Andy Bowers

No. 71
- Position: Defensive end

Personal information
- Born: February 22, 1976 (age 50) Salt Lake City, Utah, U.S.
- Listed height: 6 ft 5 in (1.96 m)
- Listed weight: 283 lb (128 kg)

Career information
- High school: Hillcrest (Midvale, Utah)
- College: Utah (1997–2000)
- NFL draft: 2001: undrafted

Career history
- Arizona Cardinals (2001–2002); Buffalo Bills (2003)*; Arizona Rattlers (2004)*;
- * Offseason or practice squad member only
- Stats at Pro Football Reference

= Andy Bowers (American football) =

American football player (born 1976)

Andrew Wyatt Wayne Bowers (born February 22, 1976) is an American former professional football player who was a defensive end for one season with the Arizona Cardinals of the National Football League (NFL). He played college football for the Utah Utes.

==Early life and college==
Andrew Wyant Wayne Bowers was born on February 22, 1976, in Salt Lake City, Utah. He played high school football at Hillcrest High School in Midvale, Utah as a defensive end, earning first-team All-Region and second-team All-State honors. He was also a football team captain and a two-year letterman in basketball.

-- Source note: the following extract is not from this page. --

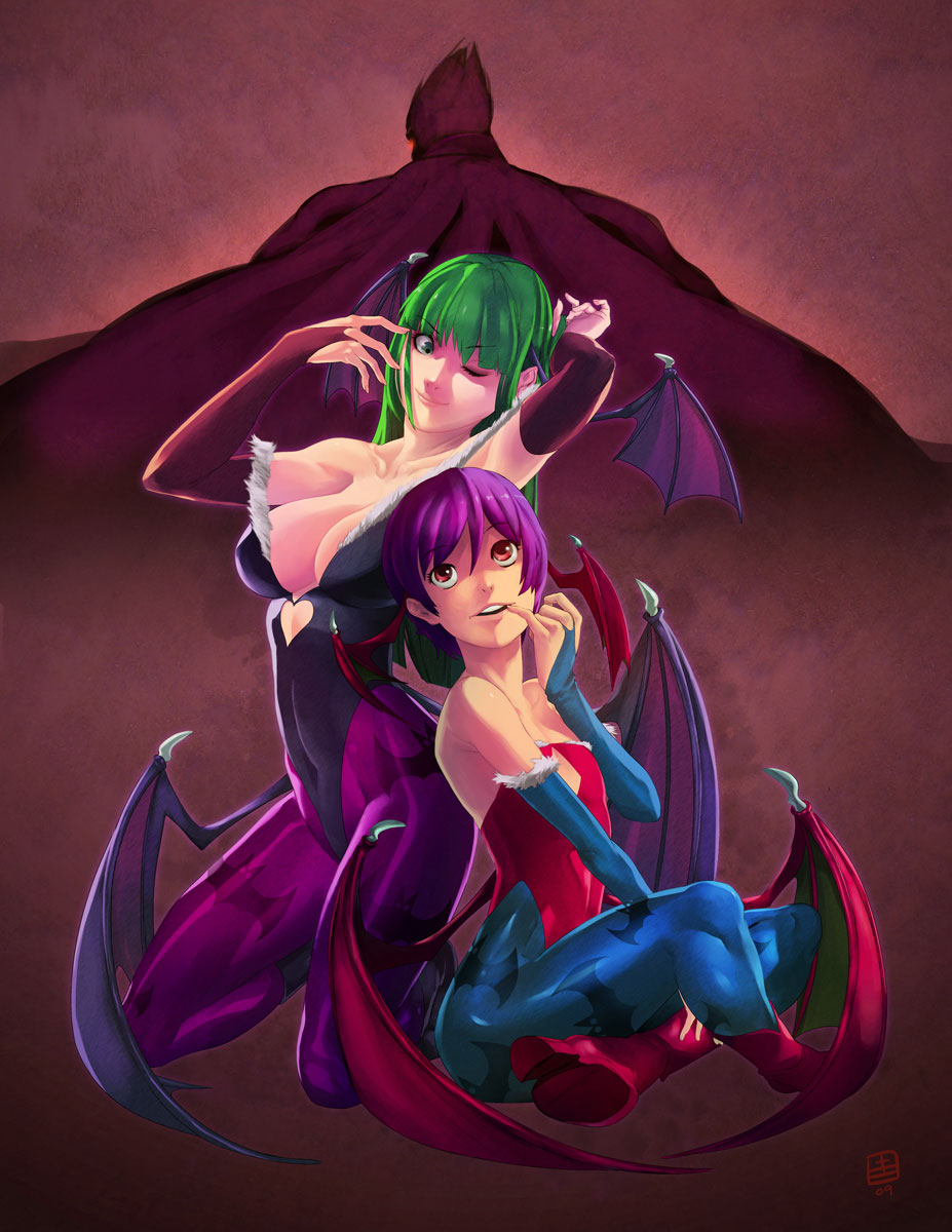 silamizu (white water), flandre scarlet, remilia scarlet, touhou, 2girls, bat wings, female focus, hat, multiple girls, red eyes, siblings, sisters, wings

Bowers spent three years on an LDS Church mission in Denmark before playing college football for the Utah Utes of the University of Utah. He was a four-year letterman for the Utes from 1997 to 2000.

==Professional career==
After going undrafted in the 2001 NFL draft, Bowers signed with the Arizona Cardinals on April 23, 2001. He was released on September 2, signed to the practice squad on September 3, promoted to the active roster on October 25, released again on November 6, signed to the practice squad again on November 7, and promoted to the active roster again on November 30, 2001. Overall, he played in, and started, one game for the Cardinals during the 2001 season; the November 4 loss to the Philadelphia Eagles. Bowers posted one assisted tackle during the game. He was placed on injured reserve the next year on September 5, 2002, and was released on November 12, 2002.

Bowers was signed by the Buffalo Bills on February 4, 2003. He was later released on July 14, 2003.

Bowers was signed to the practice squad of the Arizona Rattlers of the Arena Football League on June 16, 2004. He re-signed with the Rattlers on October 22, 2004, but was later waived on January 21, 2005.